> _The input_
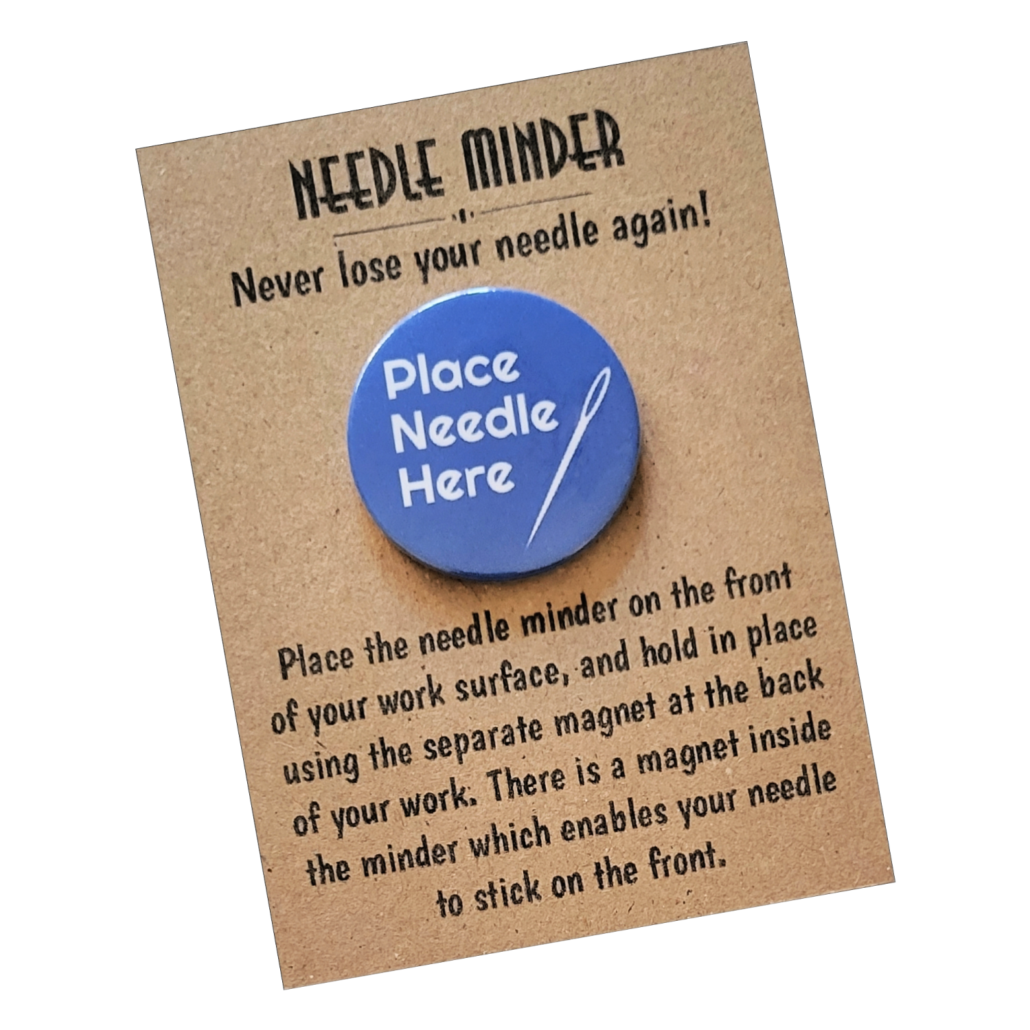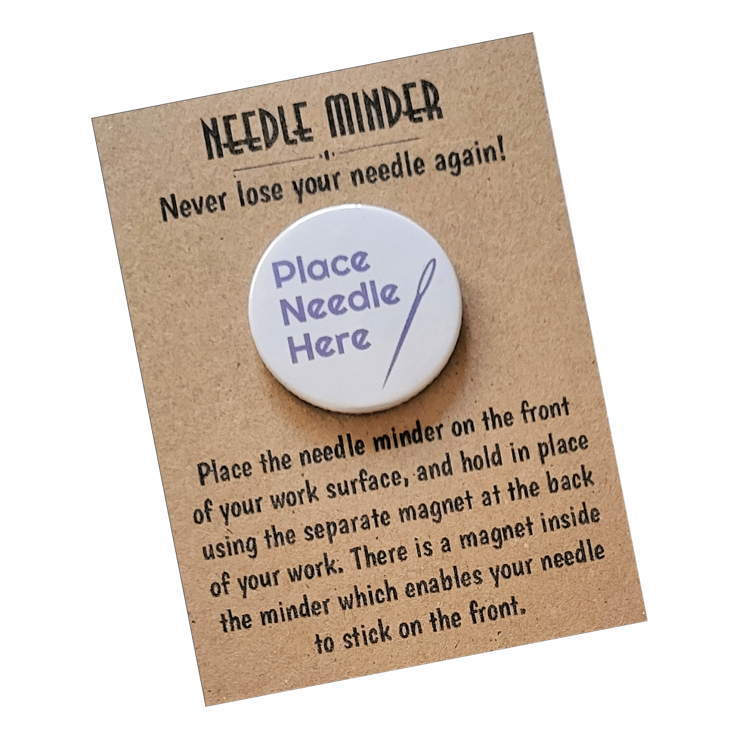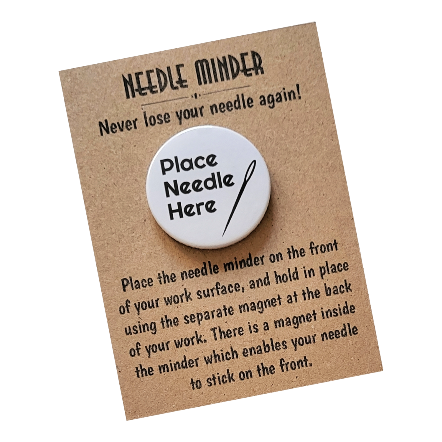 Presented on a kraft backing card and packaged in a protective sleeve, the Place Needle Here Needle Minder makes a thoughtful gift for stitchers of all levels. Ideal for sewing groups, craft friends, or anyone who loves a tidy stitching space, it is a practical keepsake designed to be used and enjoyed.
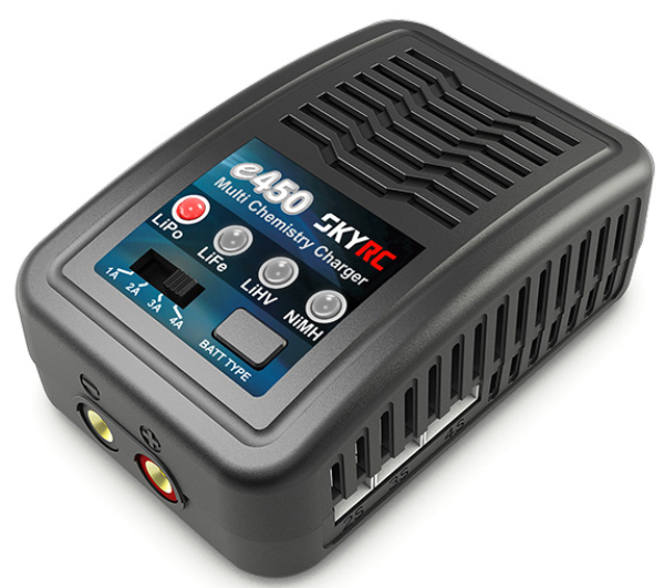 Obsługa E450 jest maksymalnie uproszczona, dzięki dwóm przełącznikom, które pozwalają użytkownikowi na szybki wybór typu akumulatora (LiPo, LiFe, LiHV, NiMH) oraz odpowiedniego prądu ładowania (1A, 2A, 3A lub 4A). Wbudowany balanser z prądem 300 mA automatycznie zapewnia równe naładowanie wszystkich ogniw w pakietach litowych, maksymalizując ich żywotność. Proces ładowania jest monitorowany przez 4 diody LED, które w jasny sposób sygnalizują aktualny postęp ładowania. Ładowarka posiada również podstawowe zabezpieczenia przed zwarciem i odwrotną polaryzacją.
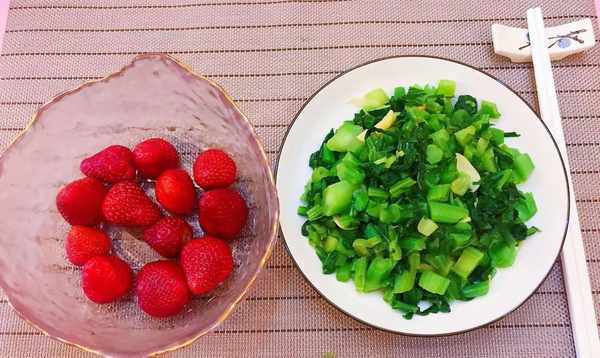 晚餐:烤春菜和草莓。
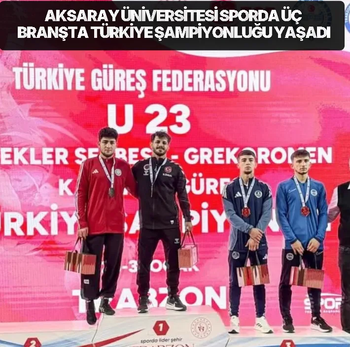 Aksaray Üniversitesi (ASÜ), spor alanındaki başarılarına yenilerini ekleyerek üç farklı branşta Türkiye şampiyonluğu elde etti. Aksaray Üniversitesi Spor Bilimleri Fakültesi öğrencileri; U23 Serbest Güreş Türkiye Şampiyonası, Türkiye Üniversitelerarası UNİLİG Kros Şampiyonası ve Büyükler Ferdi Türkiye Halter Şampiyonası’nda birincilik kürsüsüne çıkarak hem üniversitelerinin hem de Aksaray’ın gururu oldu.
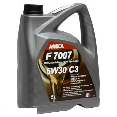 ARECA F7007 5W30 – це всесезонна синтетична моторна олія нового покоління, розроблена для бензинових та дизельних двигунів (у тому числі з турбонаддувом) легкових автомобілів та мікроавтобусів VOLKSWAGEN, AUDI, SKODA та SEAT. Відповідно до рекомендацій виробників автомобілів забезпечує нормальні та подовжені (WIV) інтервали заміни моторного масла. Застосування цього продукту гарантує зменшення вмісту золи та твердих частинок у вихлопних газах. Композиція базових синтетичних (PAO) та гідрокрекінгових (HC-synthese) масел у сукупності з сучасною адитивною системою забезпечують цьому моторному маслу чудові антиокислювальні, протизносні та антикорозійні властивості, а також відмінні низькотемпературні характеристики. Рекомендації щодо застосування Моторна олія F7007 5W30 C3 504/507 рекомендована для застосування в бензинових двигунах типу FSI і TFSI, дизельних двигунах, обладнаних насос-форсунками (PD) або іншими системами безпосереднього упорскування палива (TDI), а також оснащених фільтрами уловлювання сажових частинок (DPF)
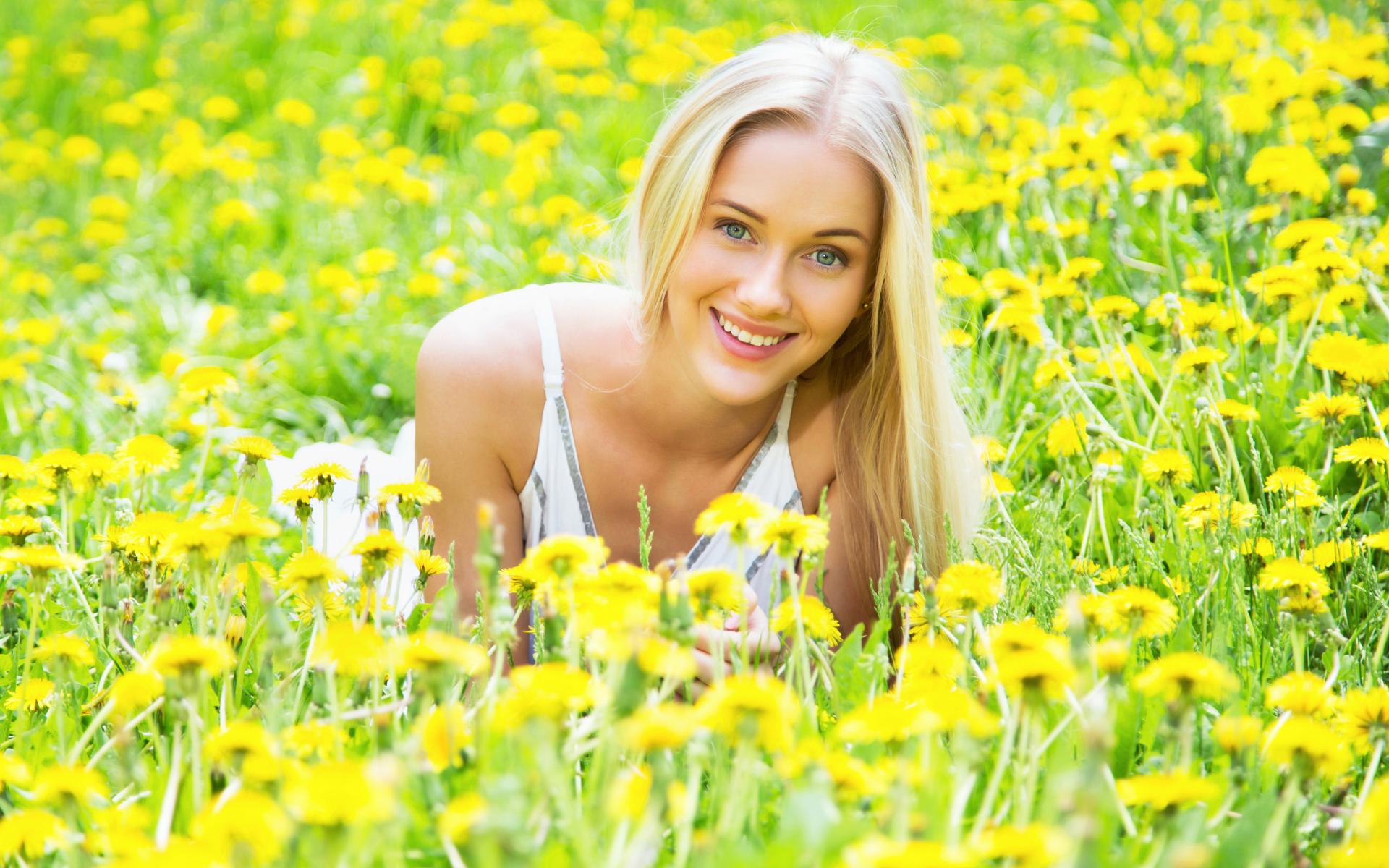 Wallpaper Beautiful smiling blonde in yellow dandelions
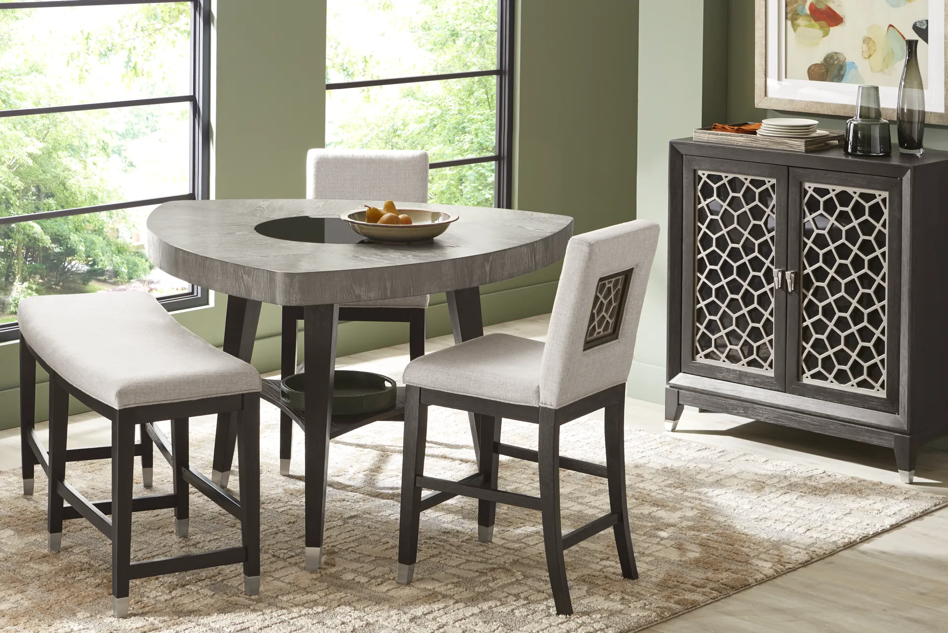 With built-in features and design details to delight guests and family, the Rosalie dining room is a functional work of art that everyone will want to come back to again and again. This contemporary counter height set is beautiful from every angle with a unique triangular shape, contrasting espresso and gray oak veneers, and latticework panels set into the upholstered stools. Diners seated at the table are in for a treat: a glass lazy Susan is built right into the center, perfect for serving family-style meals or showcasing an intricate centerpiece. This set includes two stools and one bench, each with nickel foot caps.

> _Work task_
Without the pictures, restate each entry exactly.

> _Result of this task_
 Presented on a kraft backing card and packaged in a protective sleeve, the Place Needle Here Needle Minder makes a thoughtful gift for stitchers of all levels. Ideal for sewing groups, craft friends, or anyone who loves a tidy stitching space, it is a practical keepsake designed to be used and enjoyed.
 Obsługa E450 jest maksymalnie uproszczona, dzięki dwóm przełącznikom, które pozwalają użytkownikowi na szybki wybór typu akumulatora (LiPo, LiFe, LiHV, NiMH) oraz odpowiedniego prądu ładowania (1A, 2A, 3A lub 4A). Wbudowany balanser z prądem 300 mA automatycznie zapewnia równe naładowanie wszystkich ogniw w pakietach litowych, maksymalizując ich żywotność. Proces ładowania jest monitorowany przez 4 diody LED, które w jasny sposób sygnalizują aktualny postęp ładowania. Ładowarka posiada również podstawowe zabezpieczenia przed zwarciem i odwrotną polaryzacją.
 晚餐:烤春菜和草莓。
 Aksaray Üniversitesi (ASÜ), spor alanındaki başarılarına yenilerini ekleyerek üç farklı branşta Türkiye şampiyonluğu elde etti. Aksaray Üniversitesi Spor Bilimleri Fakültesi öğrencileri; U23 Serbest Güreş Türkiye Şampiyonası, Türkiye Üniversitelerarası UNİLİG Kros Şampiyonası ve Büyükler Ferdi Türkiye Halter Şampiyonası’nda birincilik kürsüsüne çıkarak hem üniversitelerinin hem de Aksaray’ın gururu oldu.
 ARECA F7007 5W30 – це всесезонна синтетична моторна олія нового покоління, розроблена для бензинових та дизельних двигунів (у тому числі з турбонаддувом) легкових автомобілів та мікроавтобусів VOLKSWAGEN, AUDI, SKODA та SEAT. Відповідно до рекомендацій виробників автомобілів забезпечує нормальні та подовжені (WIV) інтервали заміни моторного масла. Застосування цього продукту гарантує зменшення вмісту золи та твердих частинок у вихлопних газах. Композиція базових синтетичних (PAO) та гідрокрекінгових (HC-synthese) масел у сукупності з сучасною адитивною системою забезпечують цьому моторному маслу чудові антиокислювальні, протизносні та антикорозійні властивості, а також відмінні низькотемпературні характеристики. Рекомендації щодо застосування Моторна олія F7007 5W30 C3 504/507 рекомендована для застосування в бензинових двигунах типу FSI і TFSI, дизельних двигунах, обладнаних насос-форсунками (PD) або іншими системами безпосереднього упорскування палива (TDI), а також оснащених фільтрами уловлювання сажових частинок (DPF)
 Wallpaper Beautiful smiling blonde in yellow dandelions
 With built-in features and design details to delight guests and family, the Rosalie dining room is a functional work of art that everyone will want to come back to again and again. This contemporary counter height set is beautiful from every angle with a unique triangular shape, contrasting espresso and gray oak veneers, and latticework panels set into the upholstered stools. Diners seated at the table are in for a treat: a glass lazy Susan is built right into the center, perfect for serving family-style meals or showcasing an intricate centerpiece. This set includes two stools and one bench, each with nickel foot caps.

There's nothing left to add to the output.